(INFORMATION SHOWN)

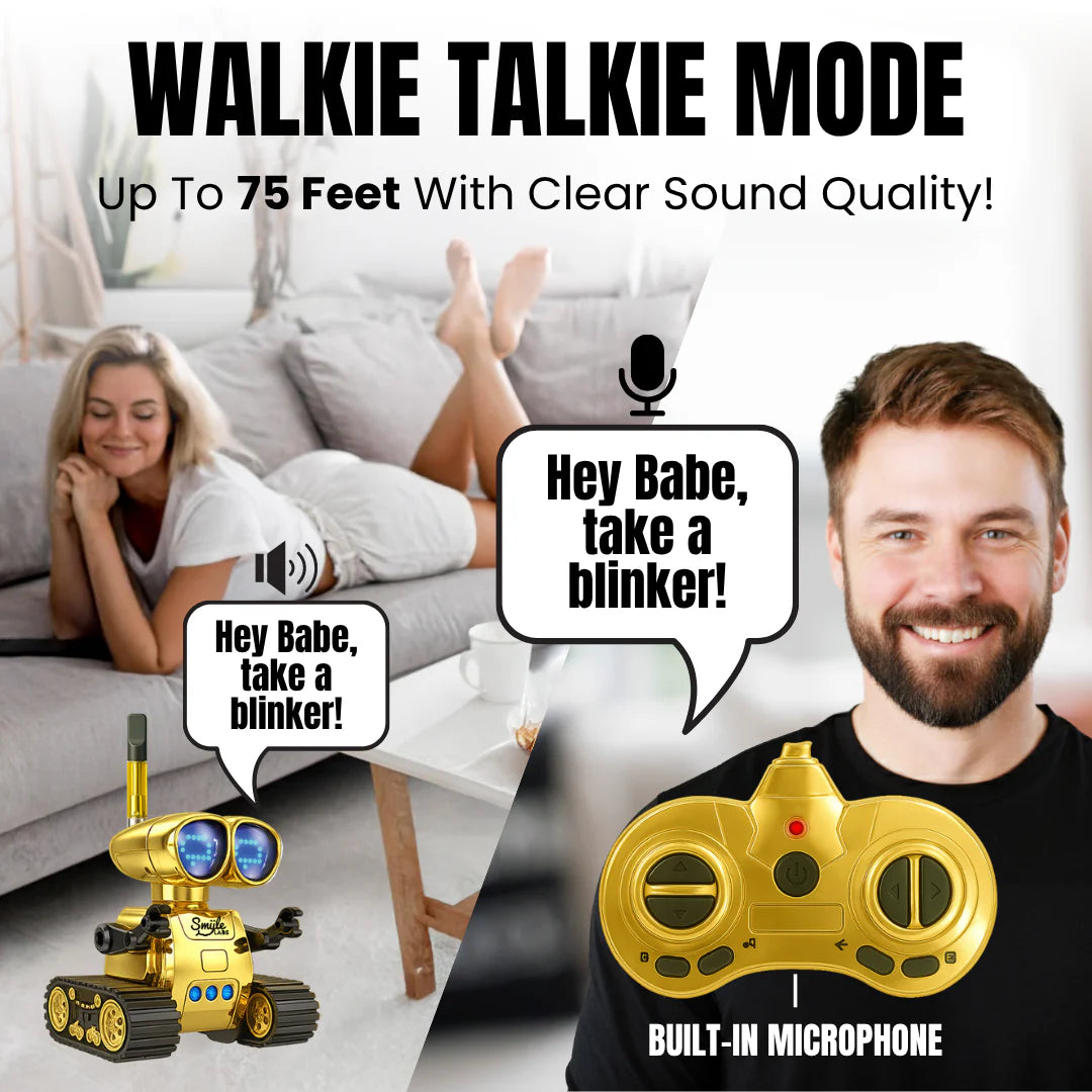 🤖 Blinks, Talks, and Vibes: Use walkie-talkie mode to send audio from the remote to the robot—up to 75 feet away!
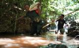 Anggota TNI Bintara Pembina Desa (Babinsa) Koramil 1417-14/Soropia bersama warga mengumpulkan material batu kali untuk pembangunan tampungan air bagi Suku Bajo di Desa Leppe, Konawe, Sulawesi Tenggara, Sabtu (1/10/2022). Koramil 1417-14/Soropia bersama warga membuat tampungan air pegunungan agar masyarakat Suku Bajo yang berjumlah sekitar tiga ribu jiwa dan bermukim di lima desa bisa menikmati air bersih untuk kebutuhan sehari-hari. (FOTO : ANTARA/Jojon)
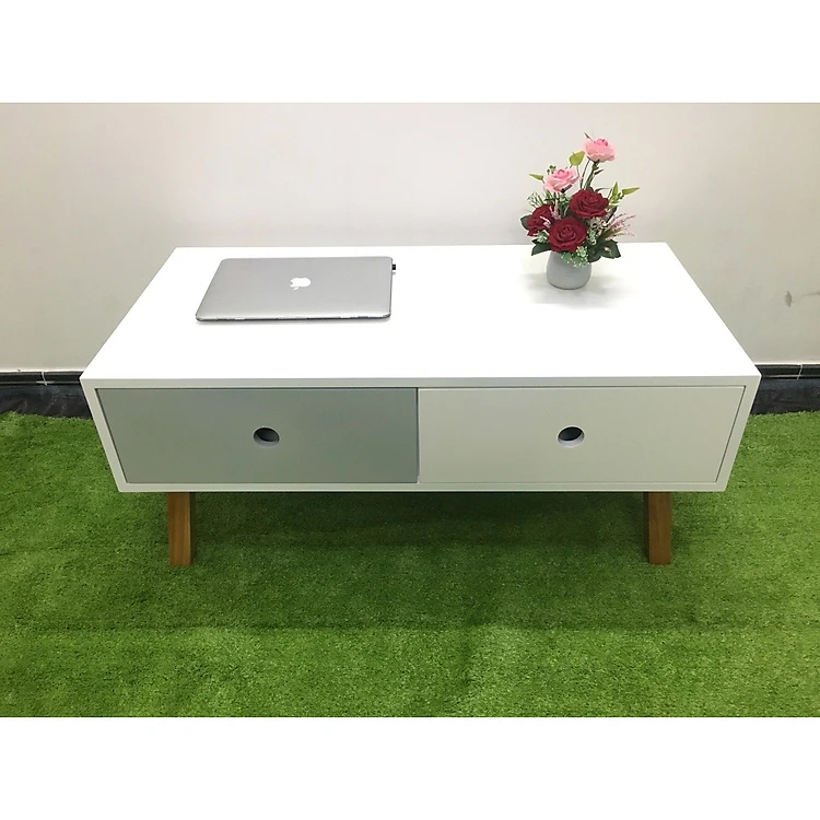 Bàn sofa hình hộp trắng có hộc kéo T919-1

(End INFORMATION SHOWN)

▶ _WORK INSTRUCTIONS_
The listing above is to be retyped exactly, with all pictures left out.

▶ _EXERCISE RESULT_
 🤖 Blinks, Talks, and Vibes: Use walkie-talkie mode to send audio from the remote to the robot—up to 75 feet away!
 Anggota TNI Bintara Pembina Desa (Babinsa) Koramil 1417-14/Soropia bersama warga mengumpulkan material batu kali untuk pembangunan tampungan air bagi Suku Bajo di Desa Leppe, Konawe, Sulawesi Tenggara, Sabtu (1/10/2022). Koramil 1417-14/Soropia bersama warga membuat tampungan air pegunungan agar masyarakat Suku Bajo yang berjumlah sekitar tiga ribu jiwa dan bermukim di lima desa bisa menikmati air bersih untuk kebutuhan sehari-hari. (FOTO : ANTARA/Jojon)
 Bàn sofa hình hộp trắng có hộc kéo T919-1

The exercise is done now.